What the task requires:
What is needed is an exact repetition of the lines below, from the first one through the one holding "[2021.07.27] 무등일보, 광주인적자원개발위, 찾아가는 직업훈련 실시", with no pictures and nothing else.

=== Section Start ===

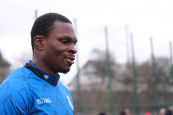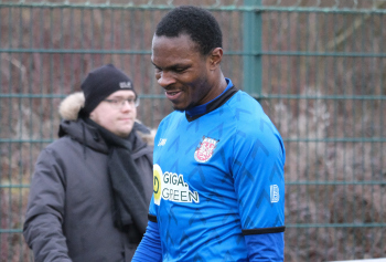 18.02.2023 xkhx Stadtallendorf Bitburger Hessenpokal 2022/2023 Viertelfinale Eintracht Stadtallendorf - FSV Frankfurt Siegtor zum 1:0 durch OLUWABORI AYOMPO FALAYE (24, FSV Frankfurt) für den FSV Frankfurt bedeutet Weiterkommen im Pokal ********* Foto: Peter Hartenfelser
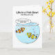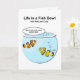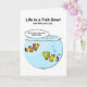 Dois palhaços a falar numa tigela de peixe, com cartões de aniversários.
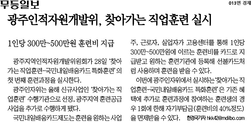 [2021.07.27] 무등일보, 광주인적자원개발위, 찾아가는 직업훈련 실시
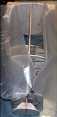 The next number you need is the wing chord, at the centerline point of the nacelles, which you can get from the top view. With this number in hand, I printed out two items. First, I plotted an airfoil of the appropriate chord. Next, I printed out two copies of the side view of the nacelle. On my original drawings, I had already made a point of showing the airfoil incidence relative to both the inboard and outboard edges of the nacelles, so finding the incidence of the "nacelle center" airfoil was easy. Finally, I cut out the airfoil shape from the nacelle side views, so I could slip them onto the wing. I glued these nacelle keels to some 1/8" balsa, cut them out, and then glued some tabs to the bottom of each piece, making sure that they were identical. When you slip them onto the wing. they look like the image below. Don't glue anything yet!
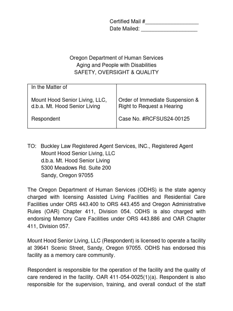 Certified Mail #__________________ Date Mailed: ___________________ Oregon Department of Human Services Aging and People with Disabilities SAFETY, OVERSIGHT & QUALITY In the Matter of Mount Hood Senior Living, LLC, d.b.a. Mt. Hood Senior Living Respondent Order of Immediate Suspension & Right to Request a Hearing Case No. #RCFSUS24-00125 TO: Buckley Law Registered Agent Services, INC., Registered Agent
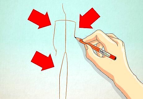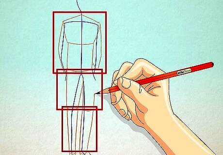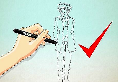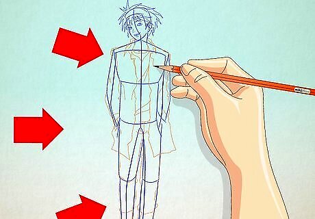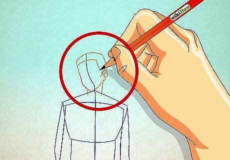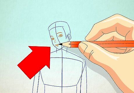 When drawing a guy, remember he is usually more lean and box-like, and you can make him more muscular and defined as opposed to drawing a smooth, curvy outline for a girl. He should be bigger at the shoulders and narrower at the hips, with little or no expansion at the chest or constriction at the waist.

=== Section End ===

Task answer:
 18.02.2023 xkhx Stadtallendorf Bitburger Hessenpokal 2022/2023 Viertelfinale Eintracht Stadtallendorf - FSV Frankfurt Siegtor zum 1:0 durch OLUWABORI AYOMPO FALAYE (24, FSV Frankfurt) für den FSV Frankfurt bedeutet Weiterkommen im Pokal ********* Foto: Peter Hartenfelser
 Dois palhaços a falar numa tigela de peixe, com cartões de aniversários.
 [2021.07.27] 무등일보, 광주인적자원개발위, 찾아가는 직업훈련 실시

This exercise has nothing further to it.